## Exercise instructions
Copy, word for word, the lines below from the one containing "- NOTIZIE STORICO" up to and including the one containing "Lev Oberfeld wurde", with pictures left out.

## Data extract
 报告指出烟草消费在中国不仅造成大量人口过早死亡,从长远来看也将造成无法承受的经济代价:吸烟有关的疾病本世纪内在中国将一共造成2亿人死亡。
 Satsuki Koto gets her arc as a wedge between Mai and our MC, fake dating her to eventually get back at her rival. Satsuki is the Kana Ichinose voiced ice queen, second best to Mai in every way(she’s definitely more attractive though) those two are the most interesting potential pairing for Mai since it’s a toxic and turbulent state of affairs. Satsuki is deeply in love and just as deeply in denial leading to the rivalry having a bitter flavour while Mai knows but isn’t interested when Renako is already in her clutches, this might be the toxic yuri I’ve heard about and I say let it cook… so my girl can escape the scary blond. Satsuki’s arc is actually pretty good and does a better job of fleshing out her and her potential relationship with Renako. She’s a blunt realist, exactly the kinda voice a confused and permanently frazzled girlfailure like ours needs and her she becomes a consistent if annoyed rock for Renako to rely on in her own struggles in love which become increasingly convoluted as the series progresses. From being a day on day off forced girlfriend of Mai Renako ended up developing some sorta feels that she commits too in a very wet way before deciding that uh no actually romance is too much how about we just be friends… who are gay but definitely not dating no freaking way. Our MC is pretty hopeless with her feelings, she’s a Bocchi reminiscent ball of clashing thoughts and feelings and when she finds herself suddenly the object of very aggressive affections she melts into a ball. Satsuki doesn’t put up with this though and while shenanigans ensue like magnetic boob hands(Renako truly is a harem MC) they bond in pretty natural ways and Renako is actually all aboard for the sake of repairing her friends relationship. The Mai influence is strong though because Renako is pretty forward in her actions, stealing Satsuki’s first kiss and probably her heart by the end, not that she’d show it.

...

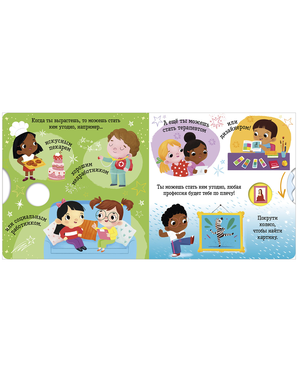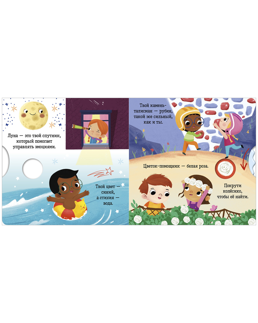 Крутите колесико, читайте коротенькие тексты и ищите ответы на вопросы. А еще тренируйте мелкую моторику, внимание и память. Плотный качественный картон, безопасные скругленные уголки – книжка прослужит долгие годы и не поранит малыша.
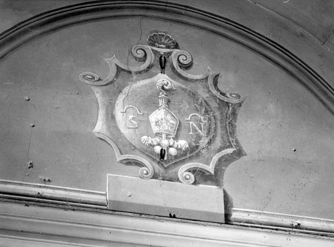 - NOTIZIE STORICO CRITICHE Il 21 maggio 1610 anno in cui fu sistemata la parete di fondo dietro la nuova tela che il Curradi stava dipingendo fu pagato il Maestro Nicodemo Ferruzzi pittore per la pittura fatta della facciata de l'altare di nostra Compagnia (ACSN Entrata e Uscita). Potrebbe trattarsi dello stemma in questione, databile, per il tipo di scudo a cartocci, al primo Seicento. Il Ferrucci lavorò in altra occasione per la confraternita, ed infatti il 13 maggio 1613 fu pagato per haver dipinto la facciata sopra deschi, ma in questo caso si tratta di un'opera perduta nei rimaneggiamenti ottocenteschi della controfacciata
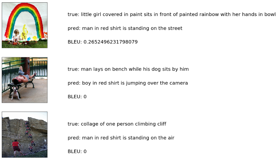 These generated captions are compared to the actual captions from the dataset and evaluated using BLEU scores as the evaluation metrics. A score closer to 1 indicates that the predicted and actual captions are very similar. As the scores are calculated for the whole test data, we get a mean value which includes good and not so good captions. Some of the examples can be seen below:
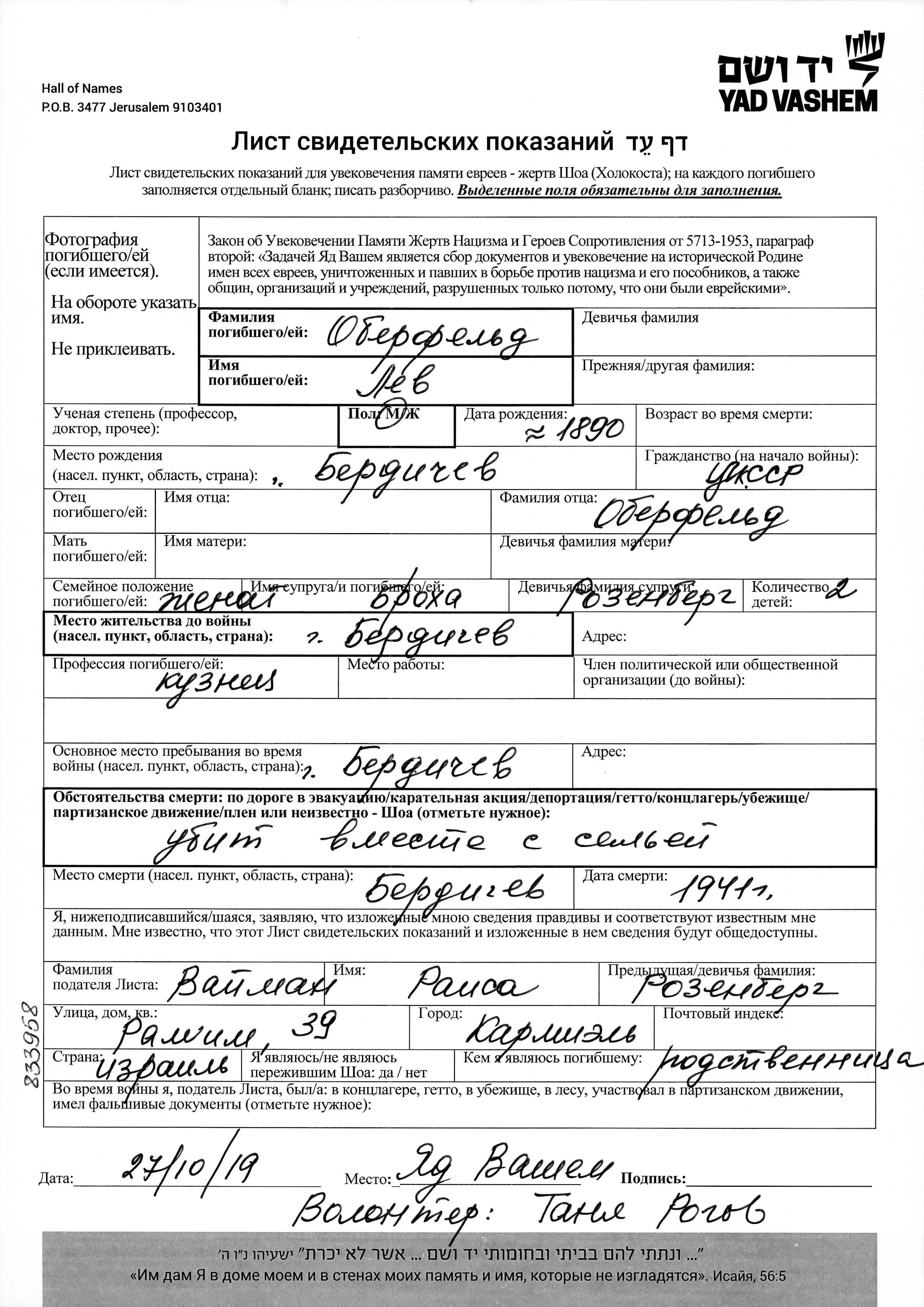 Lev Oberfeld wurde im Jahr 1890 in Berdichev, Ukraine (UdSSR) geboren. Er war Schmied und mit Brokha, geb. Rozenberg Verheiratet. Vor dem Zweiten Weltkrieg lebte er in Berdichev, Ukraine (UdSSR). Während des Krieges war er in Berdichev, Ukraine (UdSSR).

## Solution to this problem
 - NOTIZIE STORICO CRITICHE Il 21 maggio 1610 anno in cui fu sistemata la parete di fondo dietro la nuova tela che il Curradi stava dipingendo fu pagato il Maestro Nicodemo Ferruzzi pittore per la pittura fatta della facciata de l'altare di nostra Compagnia (ACSN Entrata e Uscita). Potrebbe trattarsi dello stemma in questione, databile, per il tipo di scudo a cartocci, al primo Seicento. Il Ferrucci lavorò in altra occasione per la confraternita, ed infatti il 13 maggio 1613 fu pagato per haver dipinto la facciata sopra deschi, ma in questo caso si tratta di un'opera perduta nei rimaneggiamenti ottocenteschi della controfacciata
 These generated captions are compared to the actual captions from the dataset and evaluated using BLEU scores as the evaluation metrics. A score closer to 1 indicates that the predicted and actual captions are very similar. As the scores are calculated for the whole test data, we get a mean value which includes good and not so good captions. Some of the examples can be seen below:
 Lev Oberfeld wurde im Jahr 1890 in Berdichev, Ukraine (UdSSR) geboren. Er war Schmied und mit Brokha, geb. Rozenberg Verheiratet. Vor dem Zweiten Weltkrieg lebte er in Berdichev, Ukraine (UdSSR). Während des Krieges war er in Berdichev, Ukraine (UdSSR).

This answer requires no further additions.